Goal of the exercise.
In the listing that follows, the lines starting at the one containing "前回の4コマ漫画の続きです🤟 芸術の秋編のラストです。 #4コマ漫画" and ending at the one containing "ウェアと同配色のチェック柄ソ" are to be returned exactly, both boundary lines included, and no others.

Material for this task below:

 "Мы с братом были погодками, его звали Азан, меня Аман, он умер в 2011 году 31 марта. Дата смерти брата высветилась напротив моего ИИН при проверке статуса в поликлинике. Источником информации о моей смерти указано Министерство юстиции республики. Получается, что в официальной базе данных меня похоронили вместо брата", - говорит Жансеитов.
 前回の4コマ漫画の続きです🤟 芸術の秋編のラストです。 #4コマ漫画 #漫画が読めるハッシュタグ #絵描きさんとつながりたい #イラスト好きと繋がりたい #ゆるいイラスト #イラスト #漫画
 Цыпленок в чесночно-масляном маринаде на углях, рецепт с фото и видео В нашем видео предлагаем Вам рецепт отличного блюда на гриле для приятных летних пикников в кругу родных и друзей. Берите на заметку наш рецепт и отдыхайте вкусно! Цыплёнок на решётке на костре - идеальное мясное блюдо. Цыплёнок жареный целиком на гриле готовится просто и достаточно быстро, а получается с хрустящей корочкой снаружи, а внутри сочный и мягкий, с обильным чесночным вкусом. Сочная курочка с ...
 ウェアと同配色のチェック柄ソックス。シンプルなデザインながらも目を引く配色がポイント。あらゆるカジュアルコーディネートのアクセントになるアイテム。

End of Material for this task.
Material for this task below:

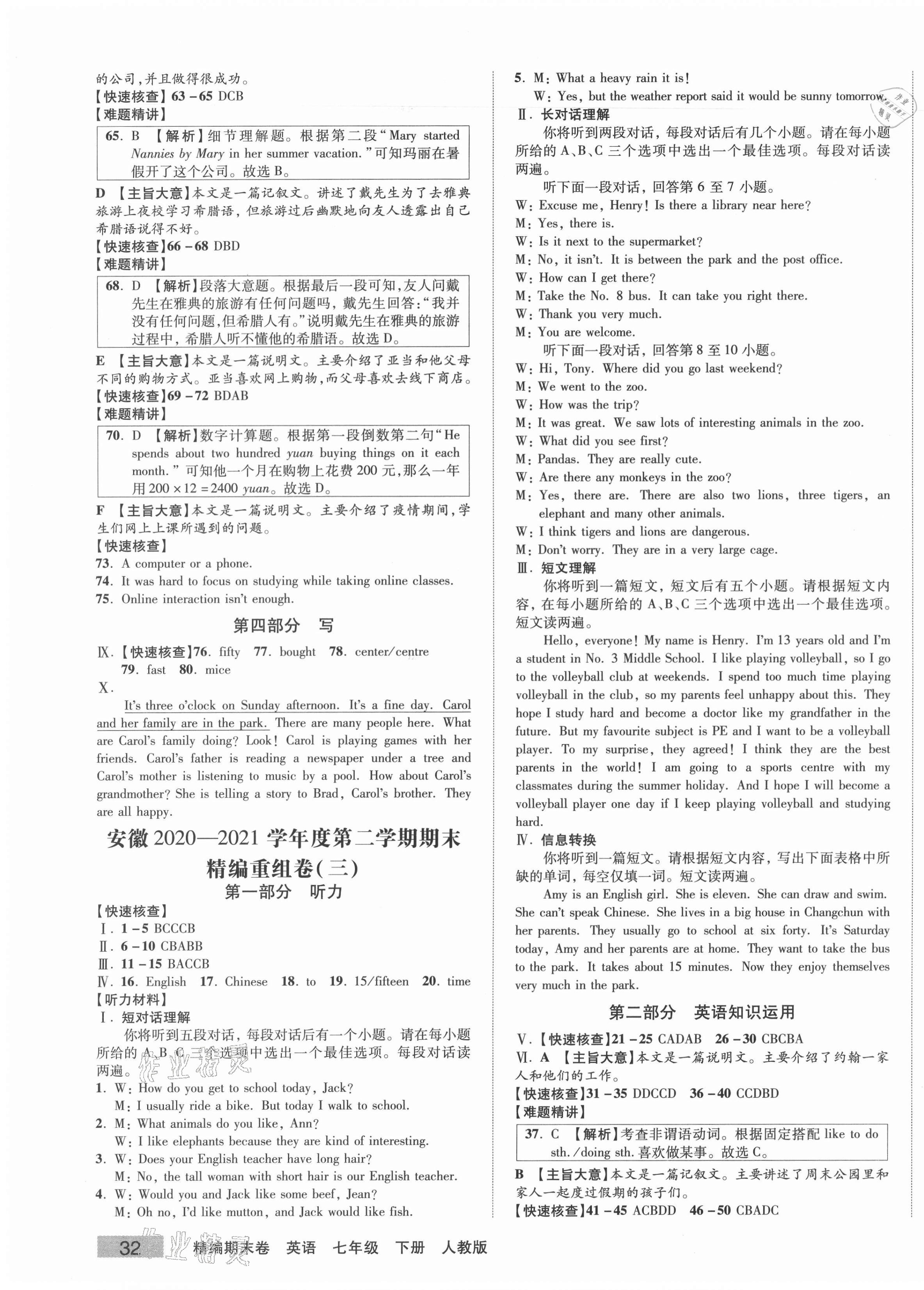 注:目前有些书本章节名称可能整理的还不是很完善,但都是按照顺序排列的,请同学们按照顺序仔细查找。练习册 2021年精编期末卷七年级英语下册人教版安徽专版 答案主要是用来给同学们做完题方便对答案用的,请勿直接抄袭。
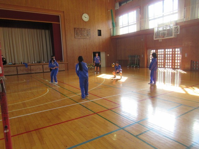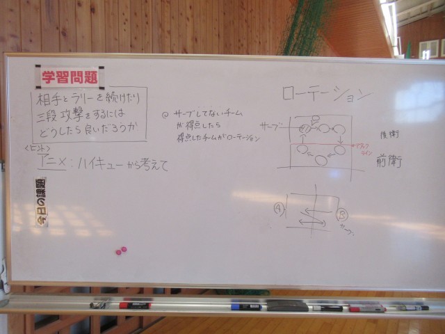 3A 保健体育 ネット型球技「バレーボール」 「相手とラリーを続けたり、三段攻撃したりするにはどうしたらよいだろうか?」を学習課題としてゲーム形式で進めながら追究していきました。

End of Material for this task.
Material for this task below:

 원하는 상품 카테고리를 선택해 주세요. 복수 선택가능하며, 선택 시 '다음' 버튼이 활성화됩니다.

End of Material for this task.

Answer box.
 前回の4コマ漫画の続きです🤟 芸術の秋編のラストです。 #4コマ漫画 #漫画が読めるハッシュタグ #絵描きさんとつながりたい #イラスト好きと繋がりたい #ゆるいイラスト #イラスト #漫画
 Цыпленок в чесночно-масляном маринаде на углях, рецепт с фото и видео В нашем видео предлагаем Вам рецепт отличного блюда на гриле для приятных летних пикников в кругу родных и друзей. Берите на заметку наш рецепт и отдыхайте вкусно! Цыплёнок на решётке на костре - идеальное мясное блюдо. Цыплёнок жареный целиком на гриле готовится просто и достаточно быстро, а получается с хрустящей корочкой снаружи, а внутри сочный и мягкий, с обильным чесночным вкусом. Сочная курочка с ...
 ウェアと同配色のチェック柄ソックス。シンプルなデザインながらも目を引く配色がポイント。あらゆるカジュアルコーディネートのアクセントになるアイテム。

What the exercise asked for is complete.